Conservative Party Conference: Rotherham man takes dim view of Hague
Saturday 10 October 1998
As the Conservative leader arrives back in London from Bournemouth, however, he should reflect that the people of Rotherham may prove reluctant partners. "The words snowball and Hell come to mind," said Phil Caplan, owner of Howard Books, in the town's central square. Mr Caplan, erudite, educated and open-minded, was nevertheless adamant: "The whole culture of this place is Labour. I can't see that changing."
He is one of the more optimistic ones. More representative were Tasha Milner and Kerri Congleton, secretaries at a construction company. On being presented with Mr Hague's proposal, they burst out laughing: "You're not serious, eh?"
"He calls himself a local," said Ms Congleton, a first-time voter (Labour, naturally) in the last election. "But just because he went to a government school doesn't make him one of us. My uncle was at school with him and said he was a right little runt."
Today's Rotherham, despite grand buildings in the centre, a poignant reminder of its Victorian wealth, is a poverty traps. Discount stores vie with each other around All Saints Church; JobCentres offer mainly menial work. There are more Tommy Hilfiger fakes than cloth caps, but people look weary, disillusioned.
Rotherham, in the heart of South Yorkshire's once thriving steel and coal belt, is as Labour as Dennis Skinner. The MP, Dennis McShane, has a majority of 21,500. Unemployment is among the highest in Britain. Of 66 councillors, 65 are Labour, one Conservative. Old Labour traditionalism has been reinforced in concrete during the past 20 years: under the Conservatives, 11 of the 12 coalmines closed, as thousands lost their jobs; the steel industry was also run down. Many locals still describe Labour, despite Tony Blair's modernisation, as "the family".
Stuart Charmack, a former teacher who works in a shop, said: "Labour could put a poodle up for candidate and he'd still get voted in. As Yorkshire folk we're extremely proud of our industrial heritage. So much damage was done by the Tories it's hard to see anyone ever wanting them in power, no matter what the Labour Party does."

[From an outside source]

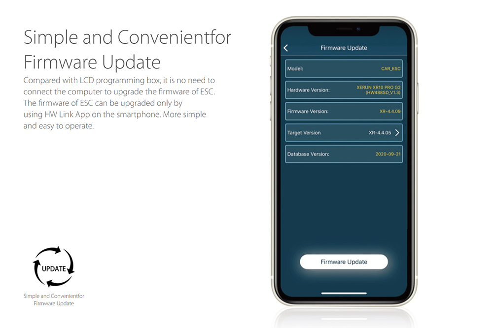 Die Firmware des ESC kann nur mit der HW Link App auf dem Smartphone aktualisiert werden. Einfacher

Intellectually, many Rotherhamites are middle-of-the-road, rational, potential floating voters like so many around the country; but tradition and obligation overrule intellect. Mr Caplan would be a natural Tory voter in many other parts of the country. "Small businessmen like us saw the Conservatives take away the spending power of so many of my customers," he said. "And because unemployment is so high, employers can pay minimum wages and get away with it. Labour would have to do something incredibly detrimental to this place for the Tories ever to have a chance."
When he targets Rotherham Person, though, Mr Hague, as a local who was schooled here, must know what he is up against. When he speaks of conservative values (with a small `c'), he is speaking of the place he was schooled at, the values of traditional Britain. For this is a place where radical change is frowned on. "That's why Scargill's party don't get any votes," said Roy Kearnsley, a former miner living out his years on retirement benefit and drinking in the Angel pub, in the town centre. "He may have stood up for us but he's a Bolshevik."
The Pakistani population is smaller than that of Sheffield, seven miles away, but the welcome for them has never been warm; many old Socialists grumbled when Naz Ahmed, a councillor, was appointed to the House of Lords this year. "Don't get many of you around 'ere" was a comment this reporter, an Iranian, received in several pubs in the suburbs: it was delivered in a tone that suggested that change would not be entirely welcomed.
Rotherham is trying to inculcate an enterprise culture, whose participants may eventually find their natural home inside the party of Margaret Thatcher: 1,200 jobs have been created in the past year, many in the high-tech sector; the rate of new business start-ups is one of the highest in the region. The most typical voter attitude of the youngest generation is apathy and hostility, not Labour allegiance.
The young are Britain's poor, and their politics are those of drugs, alcohol and despair. Even those with jobs have little time for politics. "I'll vote for whatever party provides best for my little girl," said Susan Whiteley, who works in a household goods shop. "Even though she ruined this place, I think Britain needs somebody like that Thatcher. At least she knew what she thought. None of this lot do."
Marie Hodgkinson, managing a shop in the town's arcade, said: "Do any of them down there know what it's like to be a shop manager and still have to save up for weeks every time you want to have a meal out? ... We earn in five years what an MP earns in one, and we work harder."